Krizden çıkış niyete bağlı

Bugün yaşamakta olduğumuz ekonomik kriz geçmişte yaşamakta olduklarımızdan farklıdır.

1-Türkiye geçmişte birçok kriz yaşadı. Hepsinde de Hükümetler istikrar programı yaptı. Söz gelimi; 1980 24 Ocak kararları, 1994 5 Nisan kararları, 2001 Güçlü Ekonomiye Geçiş Programı ile Türkiye bu krizlerden bir yıl içinde çıkmayı başardı.

Bugün Hükümetin krize teşhis koymamış olması, hatta inşallah çözeriz ile yetinmesi ve bir istikrar programı yapmıyor olması, en az kriz kadar ağır bir güven sorunu oluşturdu.

2-Geçmiş krizler makro ekonomik dengelerin bozulması sonucu oluşmuştu. Bugün ise yaşamakta olduğumuz krizin altında, otokrasi, bağımlı yargı, parti devleti ve yolsuzluk tartışmaları gibi, ekonomik olmayan altyapılar var.

Birincisi; Hangi hükümet olursa olsun, bundan sonra yapılması gereken, önce bu altyapıları düzeltip, güven oluşturmaktır.

İkincisi; Neo-Liberal politikalar yerine, Türkiye için, bugünkü konjonktüre uyan yeni bir kalkınma modeli hazırlamak gerekir.

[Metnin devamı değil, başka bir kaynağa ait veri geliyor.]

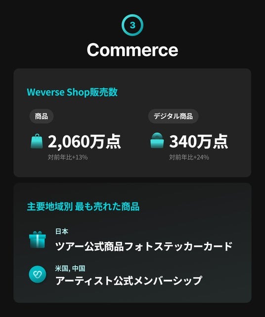 - Weverse Shopのフィジカル商品、デジタル商品販売個数がそれぞれ前年比10%、24%増加で堅調な成長
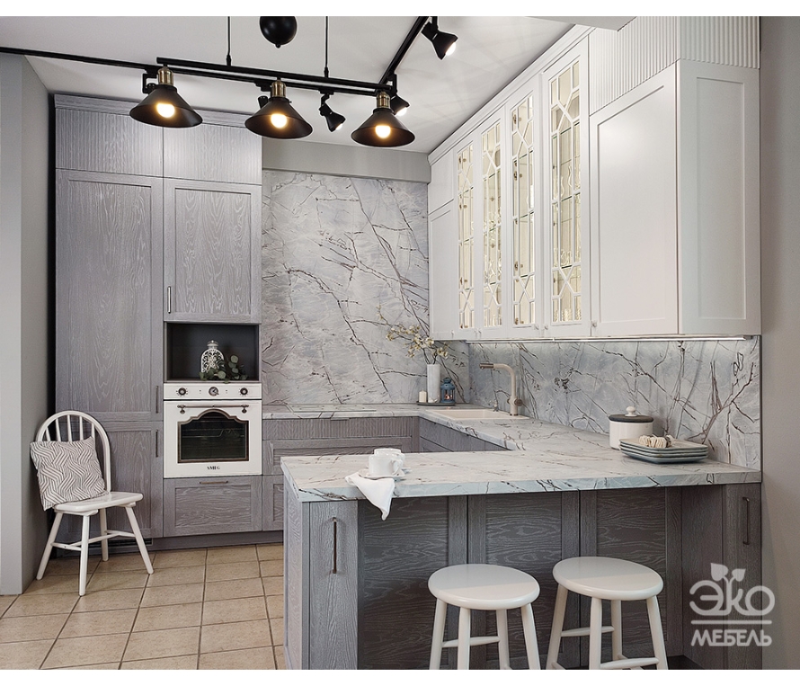 Кухня ИЛОНА + СЕЛЕНА в цвете "Лаванда с белой патиной" – это сдержанная неоклассика с элементами ар-деко. Верхние фасады выполнены из МДФ в элегантном белом цвете с декоративными витражами, которые добавляют кухне лёгкость и делают её визуально просторнее. Нижние шкафы – массив дуба со шпонированными вкладышами в цвете "Лаванда с белой патиной". Это глубокий серый тон с деликатным патинированием, которое почеркивает выразительную текстуру натурального дерева. Обратите внимание на декоративные рифленные фасады кухни – тренд, который с нами уже несколько сезонов и продолжает оставаться актуальным. Фартук и столешница под мрамор завершают образ, придавая интерьеру нотку премиальности и современности! Кухня оснащена дополнительной подсветкой рабочего места, а также продуманной системой хранения: это выдвижные ящики, выкатные корзины и вместительные шкафы, что позволяет рационально использовать каждый сантиметр пространства. Главной изюминкой кухни является уютный уголок-полуостров, который служит дополнительной рабочей зоной для готовки, а также местом для быстрых завтраков или перекусов.

Bu Model, Devlet-Piyasa optimum dengesine dayalı ve planlama esaslı bir model olmalıdır.

Üçüncüsü; 3 yıllık istikrar programı hazırlamak gerekir. İstikrar programında;

Devlet, Parti devletinden yeniden kurumsal devlete dönüştürülmeli.

Özelleştirilen altyapı yatırımları ve kamu-özel işbirliği yatırımları kamulaştırılmalıdır. Apartman tipi vakıf Üniversiteleri devletleştirilmeli, kalanların ücretleri devlet tarafından tayin edilmelidir.

İhracata yönelik olanların dışında kamu bankaları özelleştirilmelidir.

Varlık Fonu kaldırılmalıdır.

Bütçede hane halkı I ve II adı altında yapılan popülist harcamalara sınır getirilmeli, bu fonlar ile devlet her ile, o ilin imkânlarını değerlendiren yatırımlar yapmalıdır.

TÜİK, geçinme endeksi hazırlamalı ve çalışan ve emekli ücret ve maaşları bu endekse göre yapılmalıdır.

Saraylar; turizm amaçlı özelleştirilmelidir. Kamuda ithal araba kullanma yasağı getirilmeli. Konvoylar yasaklanmalıdır.

Planlama; bağlayıcı ve kapsayıcı olmalı, iktisat politikaları hedeflere bir bütünlük içinde koordine edilmelidir. Planlama yapısal çözüm odaklı olmalıdır. Sektörel denge-reel sektör ve finans sektörü arasında dengeyi sağlama hedefi olmalıdır.

3 Yıllık İstikrar Programı; IMF ile anlaşıp 100 milyar dolarlık kredi almalıyız. Bu kapsamda hazırlanacak 3 yıllık istikrar programında IMF dayatmalarına direnmek gerekir.

Merkez Bankası; kanunu değişmeli ve banka bağımsız olmalıdır. Banka gösterge faizini TÜFE''nin birkaç puan üstüne çıkararak reel faiz politikası uygulamalıdır. Merkez Bankası''nın uygulamakta olduğu enflasyon hedefi kaldırılmalı, bankanın TL ve kuru birlikte gözetlemesi sağlanmalıdır. Bu durumda; tam serbest olan kambiyo sistemini de değiştirip, doğrudan yabancı yatırım sermayesi teşvik edilmeli, sıcak para kontrol edilmelidir.

Dalgalı kur politikası değiştirilmeli, yarı sabit kur politikası uygulanmalıdır. IMF kredisi ve IMF çıpası yarı sabit kur sistemini destekleyecektir.

Ama her şeyden önce, siyasi iktidarların samimi ve ciddi niyeti olmalıdır.